▶ Collection entries:
━━━━━━━━━━
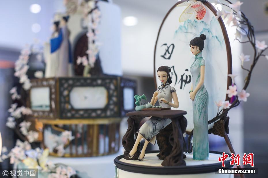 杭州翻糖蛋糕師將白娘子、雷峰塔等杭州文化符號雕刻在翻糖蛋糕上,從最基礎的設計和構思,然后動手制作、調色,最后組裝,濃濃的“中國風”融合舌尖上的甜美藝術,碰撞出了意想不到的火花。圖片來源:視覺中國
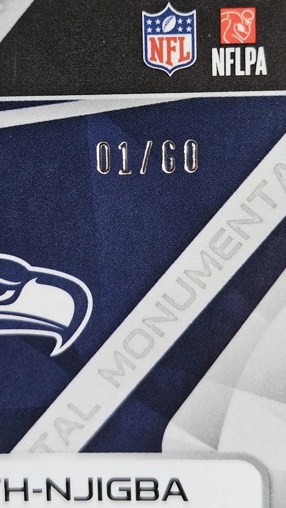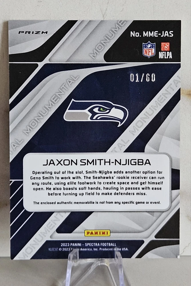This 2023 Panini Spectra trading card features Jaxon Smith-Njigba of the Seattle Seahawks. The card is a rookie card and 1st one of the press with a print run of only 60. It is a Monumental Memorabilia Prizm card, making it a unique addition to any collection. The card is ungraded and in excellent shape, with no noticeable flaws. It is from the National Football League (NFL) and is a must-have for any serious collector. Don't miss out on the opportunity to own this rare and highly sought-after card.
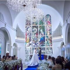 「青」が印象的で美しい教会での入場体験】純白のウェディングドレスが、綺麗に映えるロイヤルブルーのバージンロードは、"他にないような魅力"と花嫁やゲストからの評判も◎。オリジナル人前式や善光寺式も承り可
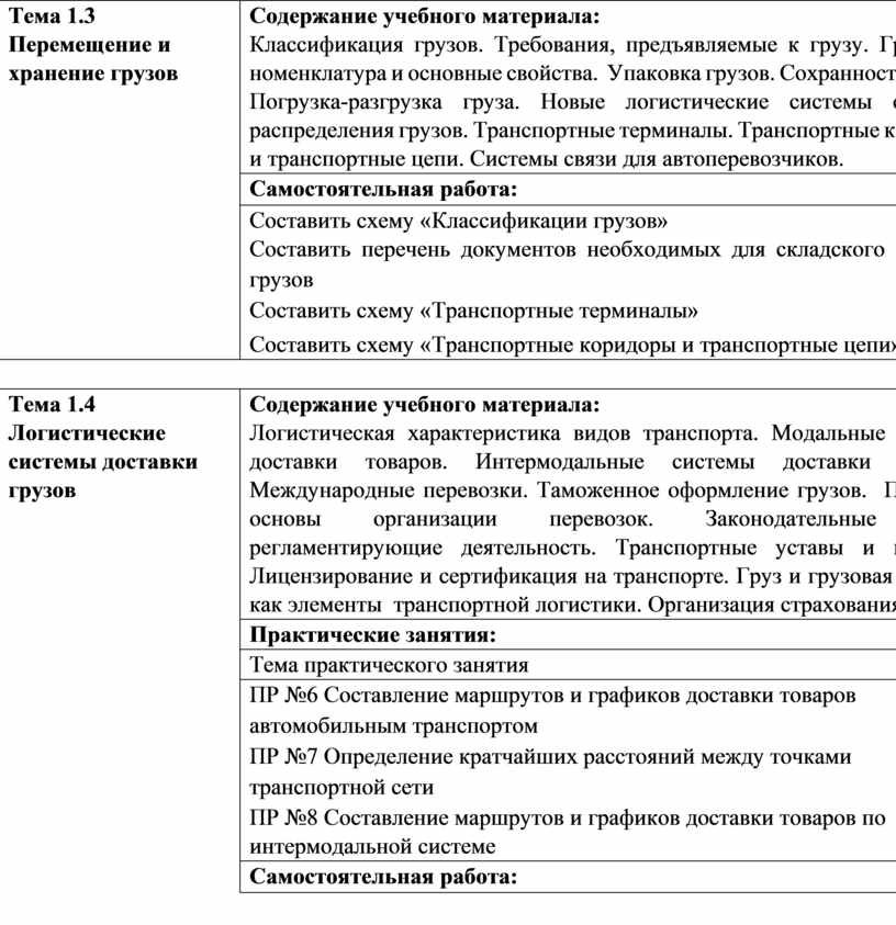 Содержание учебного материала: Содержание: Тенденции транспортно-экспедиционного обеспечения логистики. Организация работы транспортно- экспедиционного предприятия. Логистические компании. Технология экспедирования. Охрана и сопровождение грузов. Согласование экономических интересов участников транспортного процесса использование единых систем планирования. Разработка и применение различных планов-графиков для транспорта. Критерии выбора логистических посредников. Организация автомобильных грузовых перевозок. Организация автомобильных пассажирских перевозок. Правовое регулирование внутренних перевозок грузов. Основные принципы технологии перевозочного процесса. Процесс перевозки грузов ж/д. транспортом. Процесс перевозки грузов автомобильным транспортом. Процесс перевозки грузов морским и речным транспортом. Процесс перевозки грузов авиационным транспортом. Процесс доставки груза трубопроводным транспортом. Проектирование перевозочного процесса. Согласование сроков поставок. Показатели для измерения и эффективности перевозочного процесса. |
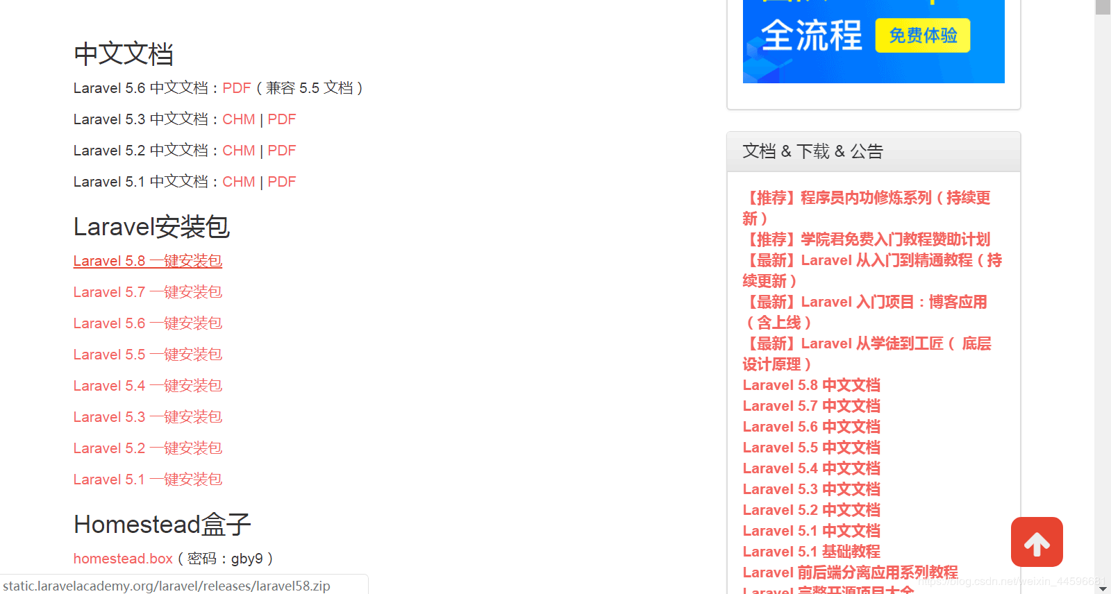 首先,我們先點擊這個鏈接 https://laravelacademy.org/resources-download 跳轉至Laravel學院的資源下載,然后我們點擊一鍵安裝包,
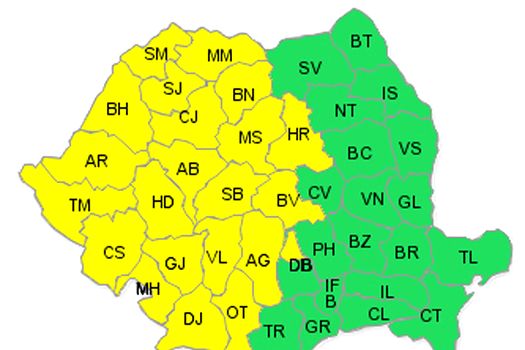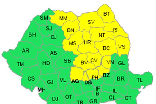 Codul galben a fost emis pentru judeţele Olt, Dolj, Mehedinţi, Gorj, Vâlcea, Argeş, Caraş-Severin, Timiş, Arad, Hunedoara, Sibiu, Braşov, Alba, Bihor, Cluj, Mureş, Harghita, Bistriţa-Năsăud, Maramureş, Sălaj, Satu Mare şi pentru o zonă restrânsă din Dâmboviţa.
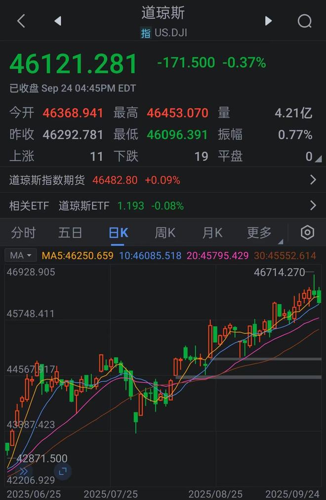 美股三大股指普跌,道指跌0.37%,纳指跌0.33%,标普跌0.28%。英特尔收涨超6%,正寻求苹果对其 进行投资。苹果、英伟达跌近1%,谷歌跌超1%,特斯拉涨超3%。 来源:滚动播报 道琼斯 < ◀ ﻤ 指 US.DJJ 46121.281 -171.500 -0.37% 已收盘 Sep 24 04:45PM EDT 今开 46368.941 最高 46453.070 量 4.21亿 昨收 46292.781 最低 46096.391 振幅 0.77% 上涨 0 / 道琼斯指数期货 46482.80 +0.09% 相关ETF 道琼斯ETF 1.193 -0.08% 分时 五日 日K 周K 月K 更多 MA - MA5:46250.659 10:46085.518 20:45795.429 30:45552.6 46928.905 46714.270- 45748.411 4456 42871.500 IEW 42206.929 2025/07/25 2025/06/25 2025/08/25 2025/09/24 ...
━━━━━━━━━━
▶ WHAT YOU HAVE TO DO: Without copying any picture, write out the entries exactly.

▶ ANSWER BOX:
 杭州翻糖蛋糕師將白娘子、雷峰塔等杭州文化符號雕刻在翻糖蛋糕上,從最基礎的設計和構思,然后動手制作、調色,最后組裝,濃濃的“中國風”融合舌尖上的甜美藝術,碰撞出了意想不到的火花。圖片來源:視覺中國
This 2023 Panini Spectra trading card features Jaxon Smith-Njigba of the Seattle Seahawks. The card is a rookie card and 1st one of the press with a print run of only 60. It is a Monumental Memorabilia Prizm card, making it a unique addition to any collection. The card is ungraded and in excellent shape, with no noticeable flaws. It is from the National Football League (NFL) and is a must-have for any serious collector. Don't miss out on the opportunity to own this rare and highly sought-after card.
 「青」が印象的で美しい教会での入場体験】純白のウェディングドレスが、綺麗に映えるロイヤルブルーのバージンロードは、"他にないような魅力"と花嫁やゲストからの評判も◎。オリジナル人前式や善光寺式も承り可
 Содержание учебного материала: Содержание: Тенденции транспортно-экспедиционного обеспечения логистики. Организация работы транспортно- экспедиционного предприятия. Логистические компании. Технология экспедирования. Охрана и сопровождение грузов. Согласование экономических интересов участников транспортного процесса использование единых систем планирования. Разработка и применение различных планов-графиков для транспорта. Критерии выбора логистических посредников. Организация автомобильных грузовых перевозок. Организация автомобильных пассажирских перевозок. Правовое регулирование внутренних перевозок грузов. Основные принципы технологии перевозочного процесса. Процесс перевозки грузов ж/д. транспортом. Процесс перевозки грузов автомобильным транспортом. Процесс перевозки грузов морским и речным транспортом. Процесс перевозки грузов авиационным транспортом. Процесс доставки груза трубопроводным транспортом. Проектирование перевозочного процесса. Согласование сроков поставок. Показатели для измерения и эффективности перевозочного процесса. |
 首先,我們先點擊這個鏈接 https://laravelacademy.org/resources-download 跳轉至Laravel學院的資源下載,然后我們點擊一鍵安裝包,
 Codul galben a fost emis pentru judeţele Olt, Dolj, Mehedinţi, Gorj, Vâlcea, Argeş, Caraş-Severin, Timiş, Arad, Hunedoara, Sibiu, Braşov, Alba, Bihor, Cluj, Mureş, Harghita, Bistriţa-Năsăud, Maramureş, Sălaj, Satu Mare şi pentru o zonă restrânsă din Dâmboviţa.
 美股三大股指普跌,道指跌0.37%,纳指跌0.33%,标普跌0.28%。英特尔收涨超6%,正寻求苹果对其 进行投资。苹果、英伟达跌近1%,谷歌跌超1%,特斯拉涨超3%。 来源:滚动播报 道琼斯 < ◀ ﻤ 指 US.DJJ 46121.281 -171.500 -0.37% 已收盘 Sep 24 04:45PM EDT 今开 46368.941 最高 46453.070 量 4.21亿 昨收 46292.781 最低 46096.391 振幅 0.77% 上涨 0 / 道琼斯指数期货 46482.80 +0.09% 相关ETF 道琼斯ETF 1.193 -0.08% 分时 五日 日K 周K 月K 更多 MA - MA5:46250.659 10:46085.518 20:45795.429 30:45552.6 46928.905 46714.270- 45748.411 4456 42871.500 IEW 42206.929 2025/07/25 2025/06/25 2025/08/25 2025/09/24 ...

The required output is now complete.